With DVR factored in, the episode was watched by 4.24 million viewers with a 1.9 in the 18-49 demographics.

===Critical reviews===
"Trou Normand" received positive reviews from critics. Eric Goldman of IGN gave the episode a "great" 8.3 out of 10 and wrote, "Has any show ever mixed the beautiful with the disturbing more than Hannibal? It's such an artfully made series about such ugly acts, much like its title character and what he does with those he murders."

Molly Eichel of The A.V. Club gave the episode a "B+" and wrote, "In the last few episodes, Hannibal has started to reflect its title, becoming much more about the show's namesake than it was in the beginning when it focused on Will, and then shifted to focus on Jack and his issues. But 'Trou Normand' was a nice ensemble piece, with everyone getting their turn. I especially enjoyed the Hannibal-Will scenes, featuring two fine actors working particularly well off of each other."

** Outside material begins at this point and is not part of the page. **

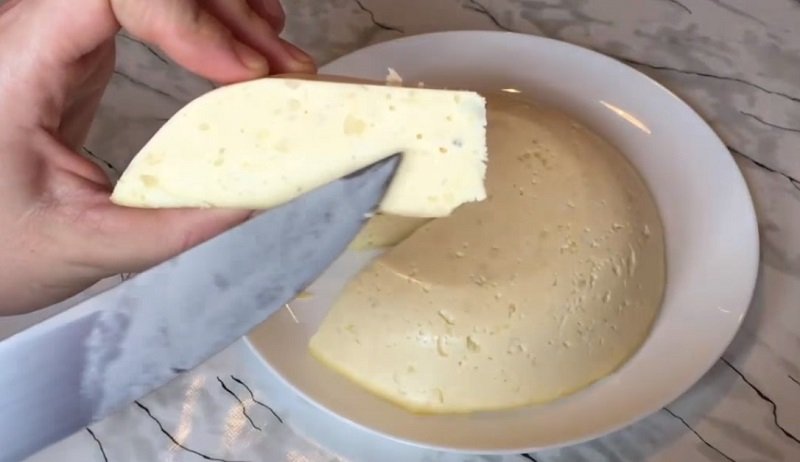 5. Ser smażony jest gotowy, kiedy całkowicie się rozpuści. Przelej go do miseczki, przykryj folią spożywczą i odstaw w chłodne miejsce do całkowitego wystudzenia.

Alan Sepinwall of HitFix wrote, "I think the shifting spotlight between Will and Lecter is a good thing for the series, as we're getting a very strong sense of both men as things go along, even if Hannibal is the more famous one (whose name gets to be in the title). This was another excellent outing." Laura Akers of Den of Geek wrote, "Freddie Louds' opinion of one of Hannibals meticulously prepared dinners may, ironically, reflect the very problem of placing such a show on broadcast television in the first place: it is simply too meaty to please some palates." Kevin Fitzpatrick of ScreenCrush wrote, "We were very much won over by Hannibal's sup [sic] admissions of his crimes, further deepening the bond between him and Will rather than cheapen the story with an endless cat-and-mouse the way certain other serial killer series have done in past."